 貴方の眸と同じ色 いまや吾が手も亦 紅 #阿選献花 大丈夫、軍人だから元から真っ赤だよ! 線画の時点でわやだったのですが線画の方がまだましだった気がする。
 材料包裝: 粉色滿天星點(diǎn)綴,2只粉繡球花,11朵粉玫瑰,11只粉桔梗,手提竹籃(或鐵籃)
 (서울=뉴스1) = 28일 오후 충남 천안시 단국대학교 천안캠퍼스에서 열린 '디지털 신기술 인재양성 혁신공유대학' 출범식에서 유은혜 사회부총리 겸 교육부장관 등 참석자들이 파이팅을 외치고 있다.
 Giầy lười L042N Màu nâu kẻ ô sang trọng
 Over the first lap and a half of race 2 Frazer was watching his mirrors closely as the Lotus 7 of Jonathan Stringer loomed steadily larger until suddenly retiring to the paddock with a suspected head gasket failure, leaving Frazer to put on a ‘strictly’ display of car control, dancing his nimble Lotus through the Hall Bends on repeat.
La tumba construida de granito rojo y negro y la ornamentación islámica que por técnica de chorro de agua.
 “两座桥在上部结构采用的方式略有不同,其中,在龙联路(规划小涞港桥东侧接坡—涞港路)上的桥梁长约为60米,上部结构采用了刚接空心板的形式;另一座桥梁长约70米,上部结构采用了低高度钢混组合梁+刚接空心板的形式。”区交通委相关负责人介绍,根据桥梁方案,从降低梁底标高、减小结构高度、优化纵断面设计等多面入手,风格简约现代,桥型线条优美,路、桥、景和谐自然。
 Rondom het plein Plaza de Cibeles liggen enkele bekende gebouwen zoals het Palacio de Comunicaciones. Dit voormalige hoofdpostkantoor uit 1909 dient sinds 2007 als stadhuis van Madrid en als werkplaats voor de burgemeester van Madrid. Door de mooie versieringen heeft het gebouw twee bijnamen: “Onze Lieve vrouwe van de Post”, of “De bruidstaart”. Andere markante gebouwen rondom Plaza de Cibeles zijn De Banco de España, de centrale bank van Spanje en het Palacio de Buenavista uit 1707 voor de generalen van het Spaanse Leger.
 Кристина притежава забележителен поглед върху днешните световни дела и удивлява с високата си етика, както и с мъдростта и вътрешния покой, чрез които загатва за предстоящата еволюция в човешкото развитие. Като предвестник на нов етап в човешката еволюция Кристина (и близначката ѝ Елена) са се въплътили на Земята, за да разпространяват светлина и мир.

○ ○ ○ ○ ○

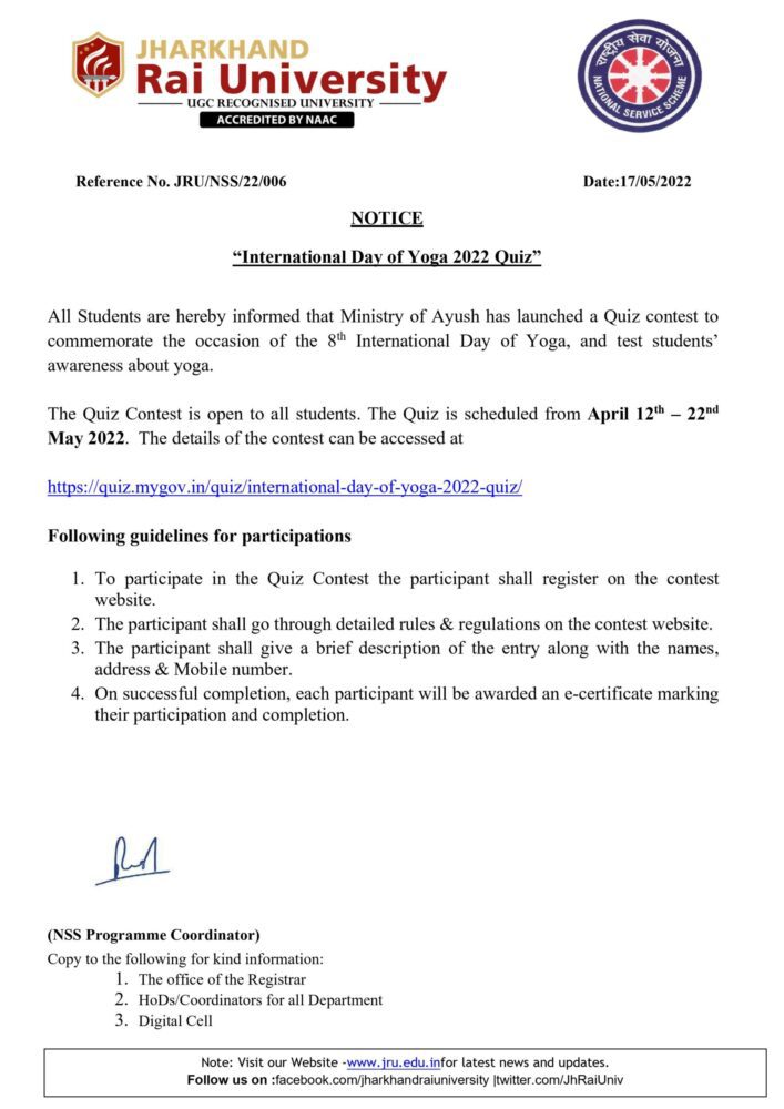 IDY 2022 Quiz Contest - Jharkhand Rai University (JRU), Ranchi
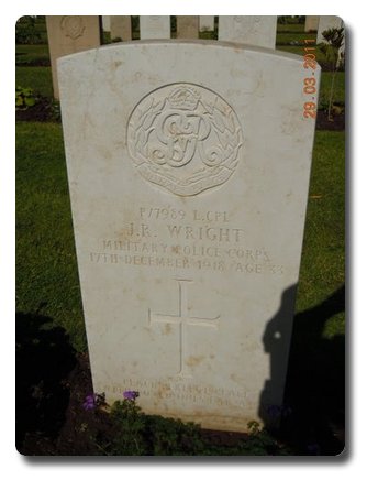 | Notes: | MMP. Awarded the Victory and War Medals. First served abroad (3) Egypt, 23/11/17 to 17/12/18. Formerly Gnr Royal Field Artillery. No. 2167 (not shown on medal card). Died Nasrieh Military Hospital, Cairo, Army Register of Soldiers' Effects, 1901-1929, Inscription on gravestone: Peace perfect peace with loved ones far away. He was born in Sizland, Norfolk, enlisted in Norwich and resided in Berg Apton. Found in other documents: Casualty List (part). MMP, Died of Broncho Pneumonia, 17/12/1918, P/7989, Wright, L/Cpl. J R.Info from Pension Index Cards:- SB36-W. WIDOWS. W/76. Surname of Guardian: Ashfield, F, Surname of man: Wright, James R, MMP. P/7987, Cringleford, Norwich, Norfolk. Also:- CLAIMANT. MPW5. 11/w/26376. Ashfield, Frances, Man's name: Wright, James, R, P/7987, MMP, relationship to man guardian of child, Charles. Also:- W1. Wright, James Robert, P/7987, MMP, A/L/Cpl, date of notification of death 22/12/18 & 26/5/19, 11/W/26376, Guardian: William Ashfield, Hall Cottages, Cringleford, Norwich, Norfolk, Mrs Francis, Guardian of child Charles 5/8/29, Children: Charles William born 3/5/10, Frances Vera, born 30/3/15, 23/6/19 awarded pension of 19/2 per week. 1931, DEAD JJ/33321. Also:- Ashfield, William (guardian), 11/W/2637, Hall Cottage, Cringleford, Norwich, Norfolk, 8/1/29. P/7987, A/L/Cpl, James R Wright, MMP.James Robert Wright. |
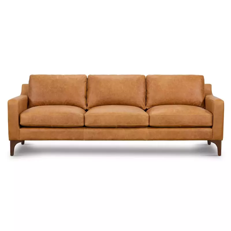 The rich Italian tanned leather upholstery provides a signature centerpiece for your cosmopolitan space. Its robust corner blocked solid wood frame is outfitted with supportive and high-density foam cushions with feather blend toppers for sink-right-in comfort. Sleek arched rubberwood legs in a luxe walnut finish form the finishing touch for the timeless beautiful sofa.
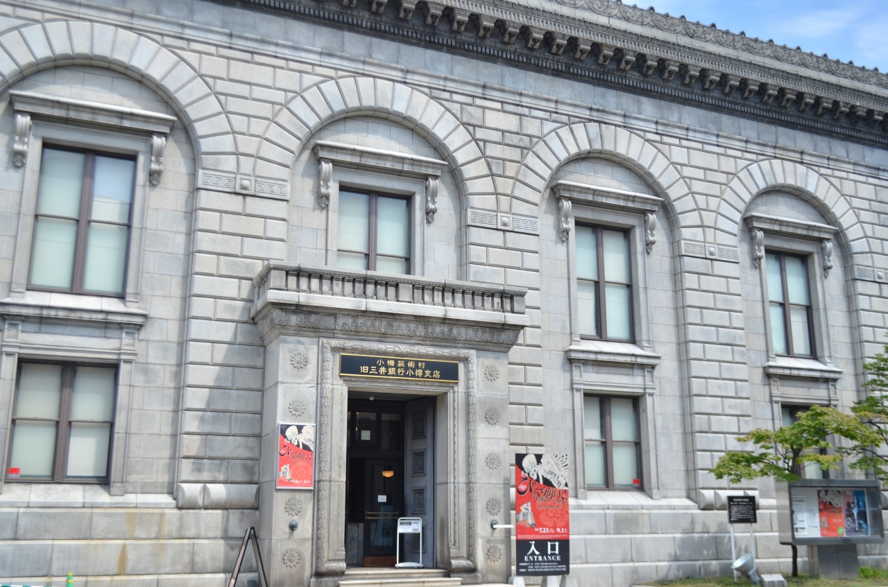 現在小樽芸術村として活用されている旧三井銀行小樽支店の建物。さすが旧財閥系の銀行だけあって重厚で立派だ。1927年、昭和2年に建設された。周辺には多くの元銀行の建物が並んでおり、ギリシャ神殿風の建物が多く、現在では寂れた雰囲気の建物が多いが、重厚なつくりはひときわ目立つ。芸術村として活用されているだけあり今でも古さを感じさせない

○ ○ ○ ○ ○

» What to do:
Everything from the line with "(서울=뉴스1) = 28일" through the line with "Кристина притежава забележителен" in the listing above must be retyped exactly, with nothing added.

» Answer to this problem:
 (서울=뉴스1) = 28일 오후 충남 천안시 단국대학교 천안캠퍼스에서 열린 '디지털 신기술 인재양성 혁신공유대학' 출범식에서 유은혜 사회부총리 겸 교육부장관 등 참석자들이 파이팅을 외치고 있다.
 Giầy lười L042N Màu nâu kẻ ô sang trọng
 Over the first lap and a half of race 2 Frazer was watching his mirrors closely as the Lotus 7 of Jonathan Stringer loomed steadily larger until suddenly retiring to the paddock with a suspected head gasket failure, leaving Frazer to put on a ‘strictly’ display of car control, dancing his nimble Lotus through the Hall Bends on repeat.
La tumba construida de granito rojo y negro y la ornamentación islámica que por técnica de chorro de agua.
 “两座桥在上部结构采用的方式略有不同,其中,在龙联路(规划小涞港桥东侧接坡—涞港路)上的桥梁长约为60米,上部结构采用了刚接空心板的形式;另一座桥梁长约70米,上部结构采用了低高度钢混组合梁+刚接空心板的形式。”区交通委相关负责人介绍,根据桥梁方案,从降低梁底标高、减小结构高度、优化纵断面设计等多面入手,风格简约现代,桥型线条优美,路、桥、景和谐自然。
 Rondom het plein Plaza de Cibeles liggen enkele bekende gebouwen zoals het Palacio de Comunicaciones. Dit voormalige hoofdpostkantoor uit 1909 dient sinds 2007 als stadhuis van Madrid en als werkplaats voor de burgemeester van Madrid. Door de mooie versieringen heeft het gebouw twee bijnamen: “Onze Lieve vrouwe van de Post”, of “De bruidstaart”. Andere markante gebouwen rondom Plaza de Cibeles zijn De Banco de España, de centrale bank van Spanje en het Palacio de Buenavista uit 1707 voor de generalen van het Spaanse Leger.
 Кристина притежава забележителен поглед върху днешните световни дела и удивлява с високата си етика, както и с мъдростта и вътрешния покой, чрез които загатва за предстоящата еволюция в човешкото развитие. Като предвестник на нов етап в човешката еволюция Кристина (и близначката ѝ Елена) са се въплътили на Земята, за да разпространяват светлина и мир.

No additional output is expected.